Café Palais, Nîmes (début XXe siècle)
Cette nouvelle salle fut dévoilée au public le samedi 19 décembre 1896 dans Le Journal du Midi. Le programme mentionne six films dont quatre vues locales tournées par Ferdinand Itier lui-même :
Un nouveau cinématographe possédant une très jolie collection de vues animées est installé, à partir d'aujourd'hui, boulevard de l'Esplanade, salle du premier étage du café du Palais (entrée par la rue Régale). Le directeur variera les représentations qui auront lieu tous les soirs à partir de 5 h et les dimanches et lundi à partrir de 3 h de l'après-midi. Le cinématographe, réellement perfectionné, projettera des vues animées nouvelles et prises à Nîmes. Programme de la première soirée : 1. " Arrivée d'un train à Saint-Césaire " ; 2. " Une partie de mazet " ; 3. " La mer à Grau-du-roi " ; 4. " M. X..., dessinateur express " ; 5. " L'arche de Noé, chemin d'Avignon " ; 6. " Le ballet des petits Incroyables ".
La Chronique mondaire, littéraire et artistique, Nîmes, 19 décembre 1896.
Dès cette date, ce photographe s’inscrit comme un acteur essentiel de la vie cinématographique régionale. Cette première installation lui pose sûrement quelques difficultés techniques car la salle ne peut ouvrir que le 27 décembre. (Le Petit Républicain du Midi, 26 décembre 1896).
→ 1897
1897
← 1896 Le cinématographe de Ferdinand Itier (Café du Palais, 1er-23 janvier 1897)
← 1896
La présence dans les programmes de vues nîmoises constitue un attrait supplémentaire comme le souligne la presse locale :
Bravo M. Itier, pour vos nouvelles scènes locales appelées à un grand succès, prises sur le vif et très réussies : " L'arrivée du train en gare de Nîmes " (quelle profusion d'employés et comme le service doit être bien fait dans notre gare) ; " Les exercices de la Nemausa " et " Le défilé de nos braves pompiers ". Nous avons tous salué au passage nos brillants officiers et la barbe vénérable d'un coiffeur bien connu traversant le boulevard.

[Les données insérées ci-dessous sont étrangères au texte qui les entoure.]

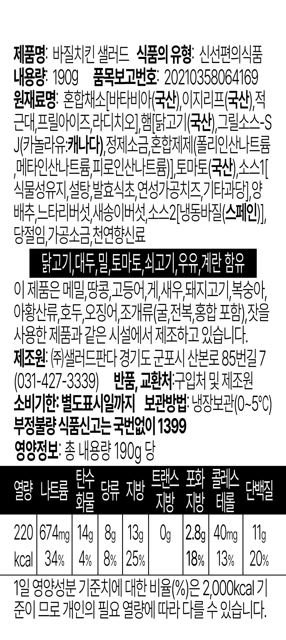 [세끼판다] 바질치킨 샐러드(190g) 수량빼기 수량추가 5,900 원 총 수량 1 개 5,900 원 구매옵션 닫기 찜하기 추가 찜하기 삭제 구매후기 1,061 상품상세 정기구독 장바구니 정기구독 장바구니 품절 정기배송 장바구니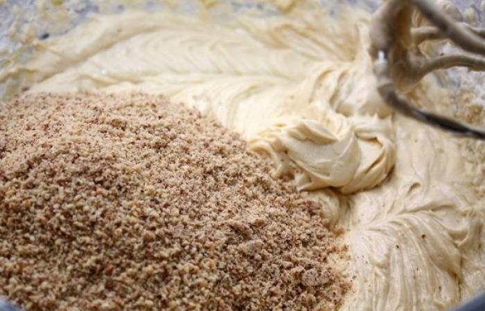 5Добавляем измельченный в блендере или пропущенный через мясорубку миндаль (100 г).

La Chronique mondaine, littéraire et artistique, Nîmes, 23 janvier 1897.
Pour de probables raisons logistiques et économiques, le cinématographe est transféré sur le boulevard Victor-Hugo., 9, boulevard Victor Hugo à partir du 24 janvier 1897.
Le cinématographe de Ferdinand Itier (9, boulevard Victor-Hugo, 24-[30] janvier 1897)
Ferdinand Itier installe son cinématographe au 9, boulevard Victor-Hugo, à partir du 24 janvier 1897 et pour quelques jours.
Le cinématographe de Ferdinand Itier (Théâtre d'Été, 31 janvier-27 mai 1897)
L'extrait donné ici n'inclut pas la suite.